- Exercise aim:
Print only the lines below, from the very first to the one containing "The artwork is", exactly as they stand. Do not print pictures.

- Information supplied:

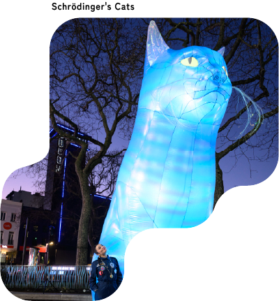 一見すると常識に反するように思えますが、この考え方は現代物理学を象徴する重要なテーマのひとつです。私たちが猫や星を見て「そこにある」と感じるものも、実際には無数の可能性が重なり合った“雲のような状態”として存在しているのだと、この作品は問いかけます。
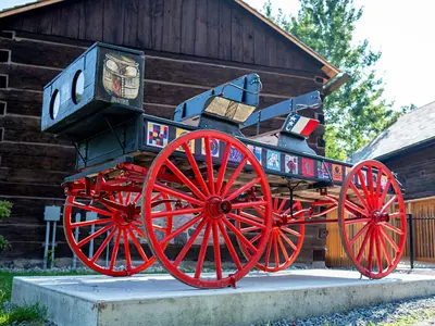 The artwork is located outside of the Log Barn on the grounds of Pickering Museum Village.
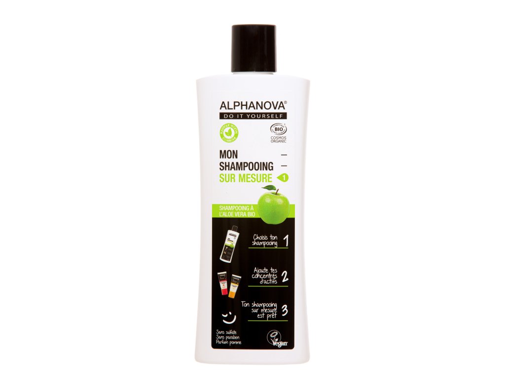 Alphanova DIY je řada produktů pro péči o vlasy, jejichž cílem je poskytnout každému uživateli jedinečný zážitek tím, že si přizpůsobí svůj organický šampon podle potřeb svých vlasů. Chcete-li to udělat, stačí si vybrat jeho základ (organický šampon s vůní třešní, jablek nebo hrušek) a přidat jeho přirozené aktivní koncentráty. NÁVOD K POUŽITÍ „MŮJ VLASTNÍ ŠAMPON“ (1) Odšroubujte víčko BIO šamponu ALPHANOVA DIY®. (2) dle vlastního výběru přidejte aktivní koncentrát do organického šamponu - 1 celá lahvička nebo různé kombinace lahviček (max. 50 ml koncentrátu do jednoho šamponu), to znamená, pokud budete chtít např. 2 lahvičky, tak z každé odlijete půlku a zbytek schováte na příště. (3) Šamponem dobře protřepejte. Váš šampon na míru je připraven! INCI: Aqua, Lauryl glucoside, Disodium cocoyl glutamate, Cocamidopropyl betaine, Anthemis nobilis flower water*, Citric acid, Glycerin, Sodium chloride, Aloe barbadensis leaf juice powder*, Hydrolyzed jojoba esters, Hydrolyzed wheat protein, Bisabolol*, Sodium PCA, Parfum, Sodium cocoamphoacetate, Sodium cocoyl alaninate, Sodium cocoate, Sodium hydroxide, Sodium cocoyl glutamate, Coconut acid, Sodium benzoate, Potassium sorbate.Doplňkové parametry

- Response to the task:
 一見すると常識に反するように思えますが、この考え方は現代物理学を象徴する重要なテーマのひとつです。私たちが猫や星を見て「そこにある」と感じるものも、実際には無数の可能性が重なり合った“雲のような状態”として存在しているのだと、この作品は問いかけます。
 The artwork is located outside of the Log Barn on the grounds of Pickering Museum Village.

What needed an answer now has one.